She determined to lose herself in David, to live and think and feel for him alone.

CHAPTER XXXVII

In the forests of the Mambava, in groves of banana trees, the peaked, thatched roofs of Muene-Motapa's stronghold rose in concentric circles round the royal houses.

Here, all day long, one heard the bleating of goats and fat-tailed sheep, the coo and whirr of pigeons, the thump of wooden mortars in which the women, their nude bodies covered with intricate designs of scars, were grinding millet. At times these noises were pierced by the clatter of little hammers, with which the smiths were beating into spear blades the lumps of iron smelted in rude furnaces from ferriferous quartz. It was an hereditary art. Who had taught it to them?

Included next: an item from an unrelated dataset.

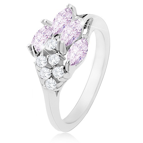 Lesklý prsten stříbrné barvy, světle fialová zrnka, kulaté čiré zirkony - Velikost: 52

Perhaps the hook-nosed voyagers from the Phoenician coast, who had bequeathed to them also a nebulous religious awe of fire, of the sun, and also of the moon, personified in legend by a pale, ardent, supernatural woman of surpassing beauty.

In their low verandas the warriors reclined at full length, their bangles of copper jingling as they reached out their hands toward the calabashes full of palm wine, or the smoking gourds charged with hemp. At the gate of the king's stockade the guards sat with their stabbing spears across their knees, surrounded by wolflike dogs and naked children with distended abdomens.

It was in the royal enclosure that Lawrence Teck had endured his captivity.

Beside him, waking and sleeping, there remained two guards, so that in Muene-Motapa's capital there was a lucid riddle, "What is it that casts three shadows?" Those two prehistoric warriors were aware of an incomprehensible great value locked up in the captive's mind; yet at his first false movement they would have slaughtered him, destroying cheerfully, like many others before them, what they could never hope to understand. However, they were kind to him, holding palm leaves over his head when he crossed the courtyards in the blaze of the sun, cooling his wrists when he fell ill with fever, and at night, if they spoke to each other across his body, keeping their voices low so as not to break his sleep. King Muene-Motapa had said to them long ago:

"If he escapes, you shall be beaten to death with sticks; but if he tells me that you have not treated him respectfully, soldier ants shall eat you alive."

For despite his chains, Lawrence Teck was the chosen friend of the king.